Mailing List Archive

rampant disk failure
I have recently seen surge in the number of disk failures on an F760
cluster in our datacenter. We have four F760's purchased a few months
apart; one cluster has seen 12 disks fail in the past three months while
the other cluster has seen two disks fail (I can only actually remember
one, but I'm allowing for my failing memory as well).

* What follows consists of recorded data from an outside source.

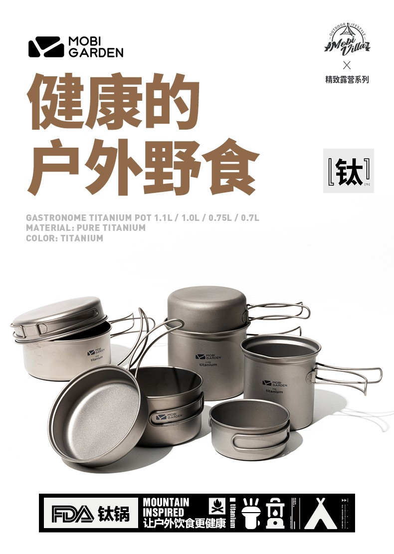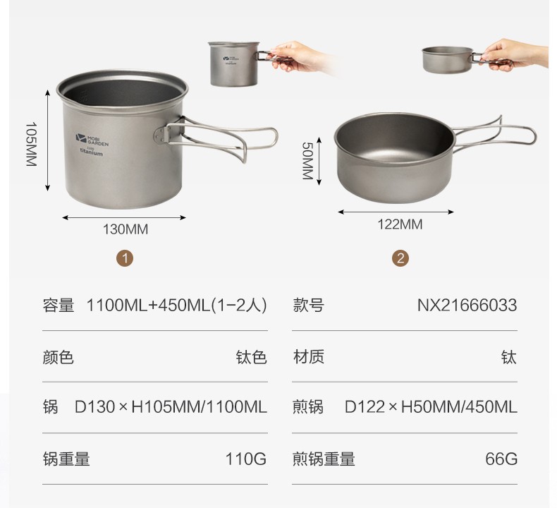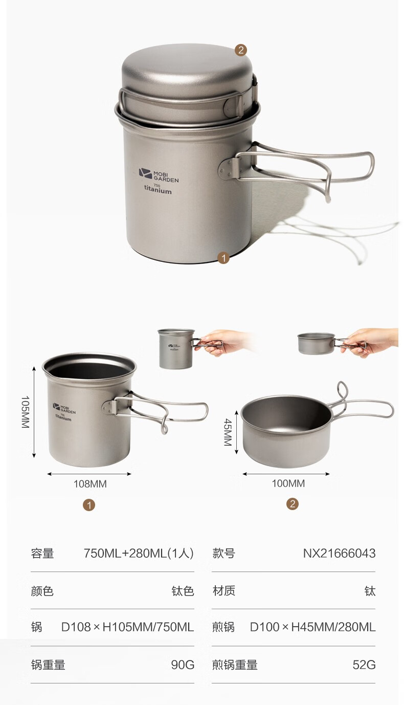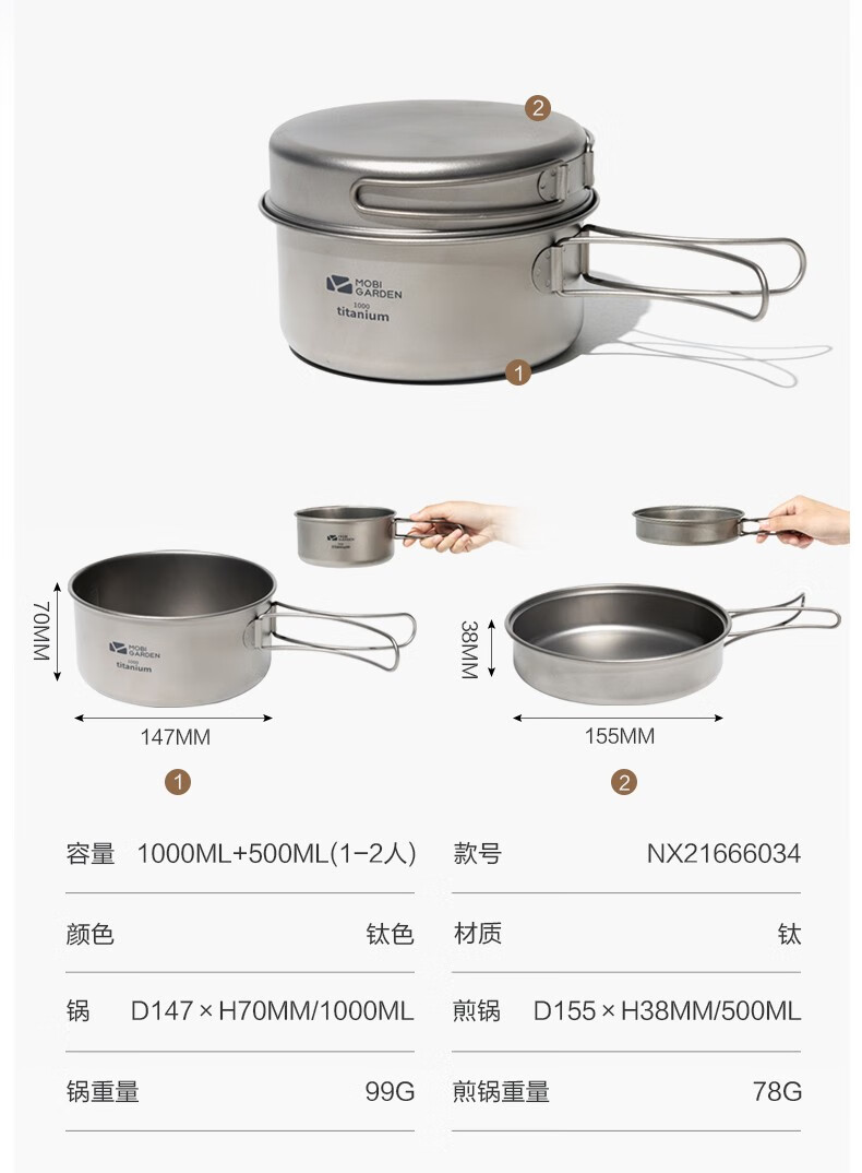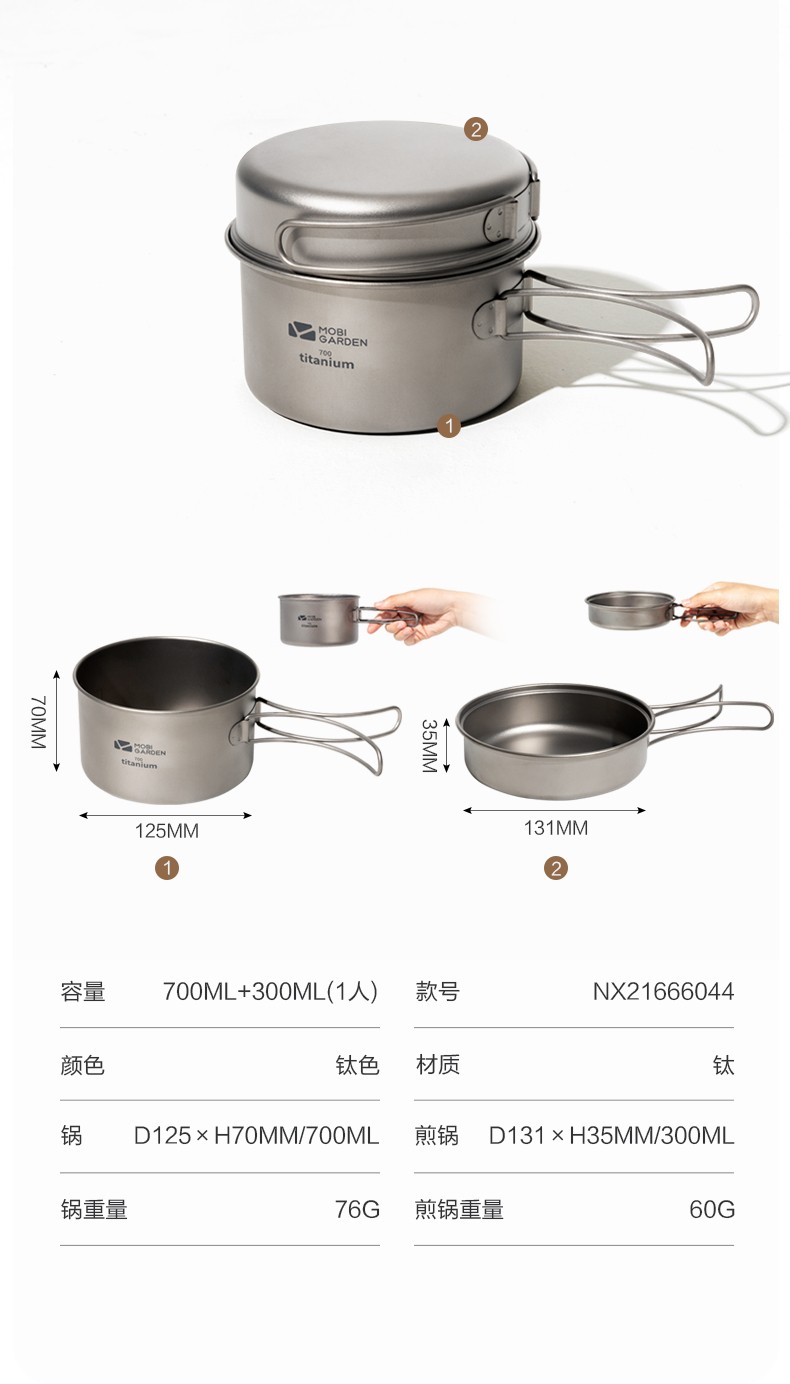牧高笛钛锅户外露营烧烤野炊可折叠纯钛套锅蒸锅轻量便携野营套锅锅具 钛锅(0.7L+0.3L)
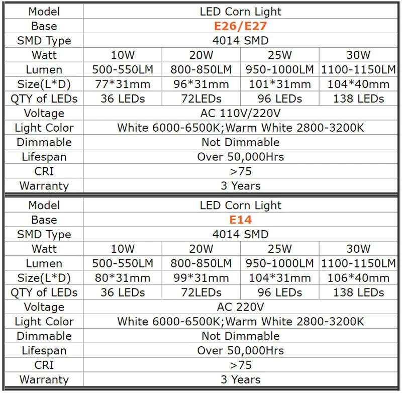 Bright LED Corn Light Bulbs E14 B22 E27 GU10 10W 20W 25W 30W 36 72 96 138LEDs 4014 SMD Lamps Ampoule AC 110V 220V Light Lighting
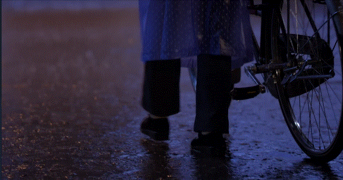 加班後擔心兒子,騎車冒雨回家的丁碧雲,不慎摔下車跌了一跤。
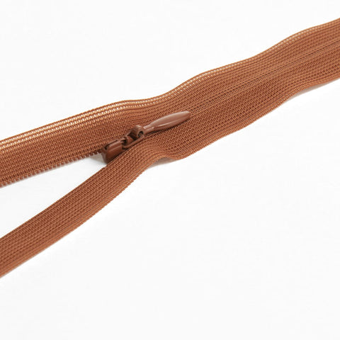 Zamek kryty nierozdzielczy, YKK, długość 22 cm, kolor rdzawy.
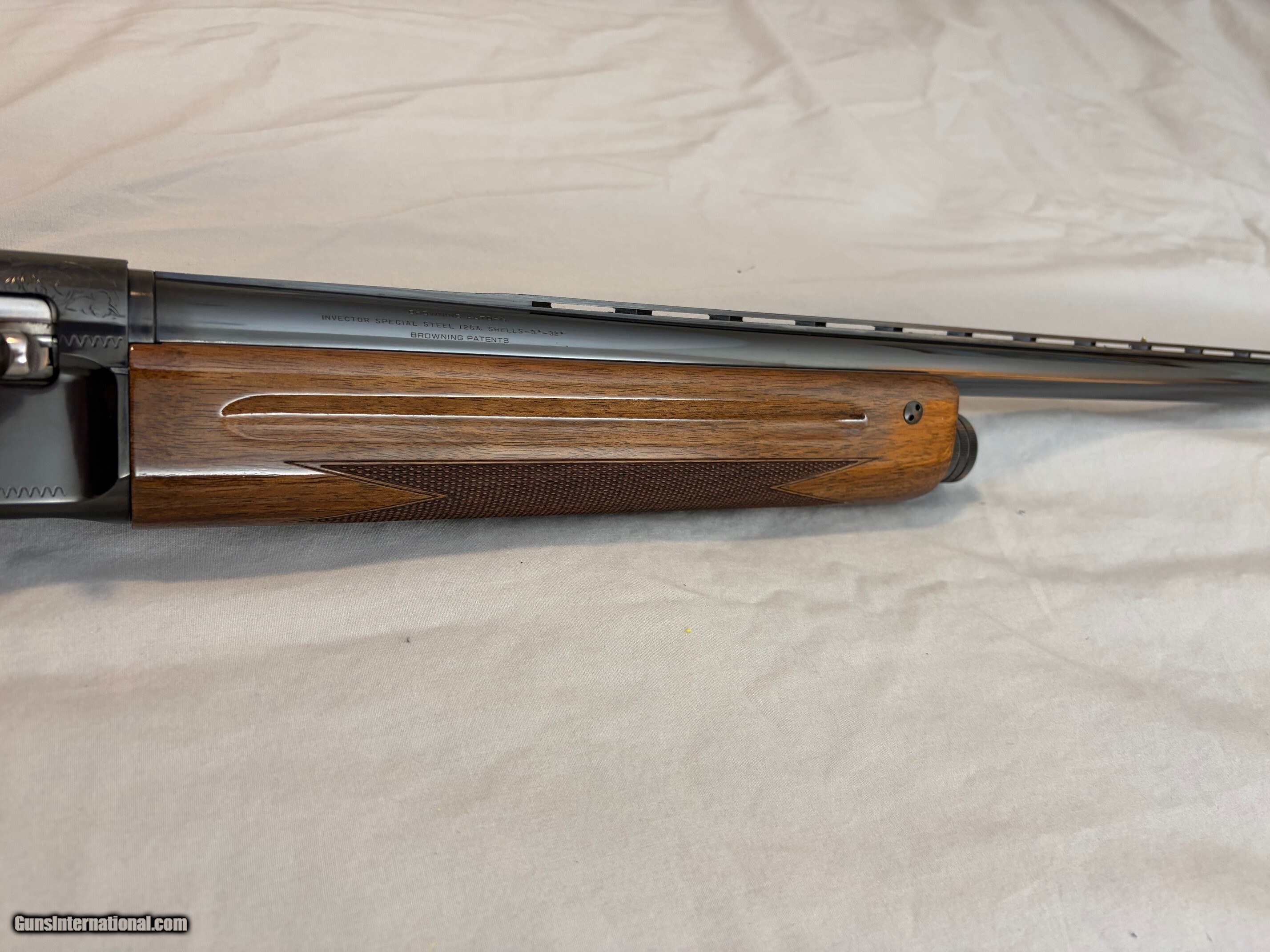 Description: Stunning Browning A5 12 gauge Magnum, as seen in the pictures this gun is in exceptional condition with only few very minor impressions in the wood, checkering is as new, the metal retains all its bluing with only a few minor freckles that are hard to see in the pictures, there are no rubs or wear. The gun appears to have barely been fired, The action is slick and cycles as it should. All the friction rings are present, that can be adjusted for 3" and 2 3/4 shells. The original invector chokes are included, IC,M and F. The original box is included and contains what is seen in the pictures, that is in good condition for its age. This is the nicest example of a Myroku Magnum 12 that I have seen in my 50 years of owning these awesome guns, with its highly desirable 32" barrel, It would be hard to find a nicer example of an original unmolested A5 Magnum. I can provide additional pictures upon request, please feel free to ask any questions. Specifications
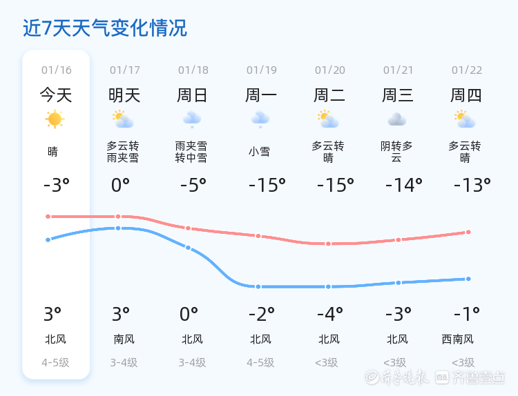 今天是1月16日,星期五,农历十一月廿八。泰安市今天天气晴朗,气温在-3℃到3℃之间。各区天气情况总体平稳,北风2级,空气湿度为58%,PM2.5指数为127。市民们在享受冬日阳光的同时,也需注意保暖。
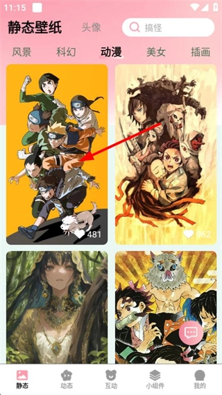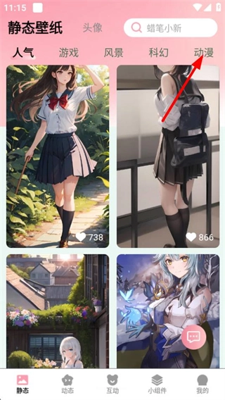 在静态壁纸页面,点击动漫分类标签,即可进入动漫类壁纸列表页面。
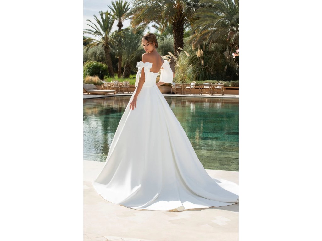Široká sukně v zadní části přechází do vlečky, která působí slavnostně a na fotografiích vynikne. Po focení můžete vlečku prakticky připnout, aby vám při pohybu nepřekážela.
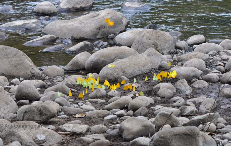 There were a lot of these green and yellow butterflies at the river one day.
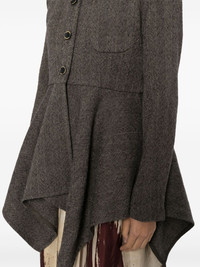 Koney jacket Highlights - Black/brown - Virgin wool - Herringbone pattern - Collarless - Front button fastening - Long sleeves - Chest patch pocket - Handkerchief hem Made in Italy Composition Lining: Cupro 50%, Viscose 50% Outer: Virgin Wool 100% SIZE & FIT Model measurements Height 5 ft 10 in(1.77 m) Bust/Chest 31.49 in(80 cm) Hips 35.43 in(90 cm) Waist 25.19 in(64 cm) FittingInformation Designed for a close fit at the chest and waist with a loose fit at the hip Made from a midweight non-stretch fabric This piece fits true to size – take your usual size
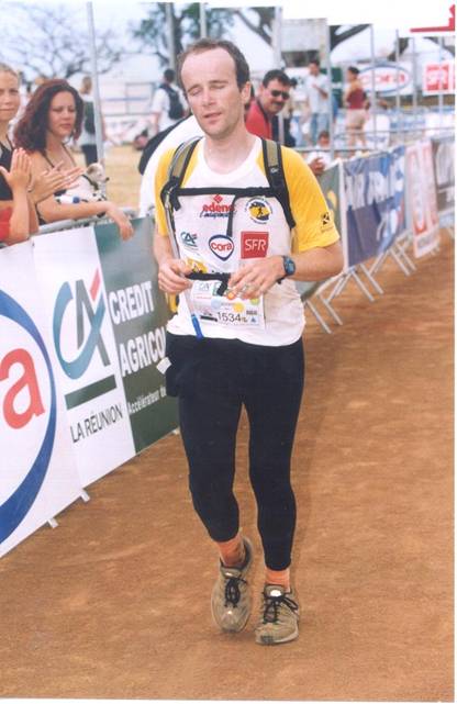Arrivés au ravitaillement du Colorado, on sent quand même l’écurie. Je remets mon tee-shirt de la course obligatoire pour franchir la ligne d’arrivée et chacun se lance à son rythme dans ce qui sera la dernière descente. Là non plus pas de répit, pas de descente tranquille et bucolique sur un sentier doux. Non, c’est une bonne grosse descente merdique avec plein de cailloux avec l’arrivée qu’on voit de haut mais qui n’arrive jamais. Pensant être assez près de l’arrivée, j’arrive à la hauteur d’une gentille spectatrice qui m’annonce le temps de parcours qu’il me reste : environ 30 mns. Complètement à bout moralement, je lui gueule qu’elle doit exagérer (c’est souvent le cas des spectateurs sur ces courses qui donnent des indications fausses). Malgré ma réaction vive elle essaie de me réconforter en me disant que c’est un sentier typique. Alors là non, ça m’étonnerait que beaucoup de Réunionnais marchent sur ce sentier merdique tout près d’une ville. Typique pour les touristes oui. Je m’en veux encore d’avoir été aussi méchant avec elle, d’autant qu’elle avait raison sur le temps de parcours. Il a encore fallu batailler au moins 20 mns en plus, mauvais pour le moral, en se faisant dépasser par plein de Réunionnais dans leur élément, et avec une tendinite vraiment douloureuse. Enfin, j’atteins la route qui marque la fin de la descente et l’arrivée toute proche (j’entends le speaker). Là histoire d’en finir au plus vite, je pars en sprint et arrive complètement à bloc au point que j’ai du mal à respirer sur la ligne d’arrivée et que j’inquiète les bénévoles. Pas de soucis, le bonheur d’avoir bouclé cette course en 34h50 m’envahit tout simplement. Je mettrai quelques jours à récupérer sous le soleil Mauricien mais je sais maintenant que je peux finir ce genre de course. Le bonheur et le soulagement … | |

The clusters sit only a few feet apart so I am discounting
environmental problems. Both clusters are running NetApp Release
6.1R1P1. The "bad" cluster is using mostly Seagate ST318203FC 18 GB
disks, while the "good" cluster is mostly the Seagate ST118202FC drives
(the infamous spin-up problem disks). The good cluster is unbalanced;
one head has 52 disks and the other has 32. The bad cluster is evenly
balanced (or it was before we started losing disks en masse) with 42 on
each side. Both clusters are running disk firmware NA10 for the
ST318203FC disks (I know, I just discovered that it's one rev out of
date) and NA27 for the ST118202FC disks.

The strangest part of this whole situation is that the disks rarely
fail; they disappear and the partner complains that there is a cluster
mismatch, breaks clustering, and sends out an email. The filer with the
missing disk starts to rebuild (if it was a data disk) or merrily goes
on its way (if it was a spare), but nothing ever shows up as broken.
The disk just disappears.

Short of going through and replacing every piece of hardware in the
"bad" filers, I am at a loss of how to proceed. I've spent the morning
searching NOW without luck. [.Someone just pointed out to me that we
have a few X221_ST318304FC disks with NA06 firmware in several of our
filers, not just the good and bad clusters I've been describing, opening
us up to bug 27068 (we're trying to schedule downtime to upgrade the
firmware on all our filers now).] I am going to try upgrading the disk
firmware on the filers as a first step, but if anyone else has seen this
problem, or something similar, I would appreciate any input.

Geoff Hardin
geoff.hardin@dalsemi.com
If it's glowing, don't eat it...
Re: rampant disk failure [ In reply to ]
This sounds more like a general fiber channel error, perhaps
from a bad LRC or cable, or card. You should open up a ticket
with Network Appliance, or at the very least boot into maintenance
mode and run some of the detailed fiber channel tests from
the 1-5 menu.


On Wed, 24 Jul 2002, Geoff Hardin wrote:

| I have recently seen surge in the number of disk failures on an F760
| cluster in our datacenter. We have four F760's purchased a few months
| apart; one cluster has seen 12 disks fail in the past three months while
| the other cluster has seen two disks fail (I can only actually remember
| one, but I'm allowing for my failing memory as well).
|
| The clusters sit only a few feet apart so I am discounting
| environmental problems. Both clusters are running NetApp Release
| 6.1R1P1. The "bad" cluster is using mostly Seagate ST318203FC 18 GB
| disks, while the "good" cluster is mostly the Seagate ST118202FC drives
| (the infamous spin-up problem disks). The good cluster is unbalanced;
| one head has 52 disks and the other has 32. The bad cluster is evenly
| balanced (or it was before we started losing disks en masse) with 42 on
| each side. Both clusters are running disk firmware NA10 for the
| ST318203FC disks (I know, I just discovered that it's one rev out of
| date) and NA27 for the ST118202FC disks.
|
| The strangest part of this whole situation is that the disks rarely
| fail; they disappear and the partner complains that there is a cluster
| mismatch, breaks clustering, and sends out an email. The filer with the
| missing disk starts to rebuild (if it was a data disk) or merrily goes
| on its way (if it was a spare), but nothing ever shows up as broken.
| The disk just disappears.
|
| Short of going through and replacing every piece of hardware in the
| "bad" filers, I am at a loss of how to proceed. I've spent the morning
| searching NOW without luck. [.Someone just pointed out to me that we
| have a few X221_ST318304FC disks with NA06 firmware in several of our
| filers, not just the good and bad clusters I've been describing, opening
| us up to bug 27068 (we're trying to schedule downtime to upgrade the
| firmware on all our filers now).] I am going to try upgrading the disk
| firmware on the filers as a first step, but if anyone else has seen this
| problem, or something similar, I would appreciate any input.
|
| Geoff Hardin
| geoff.hardin@dalsemi.com
| If it's glowing, don't eat it...
|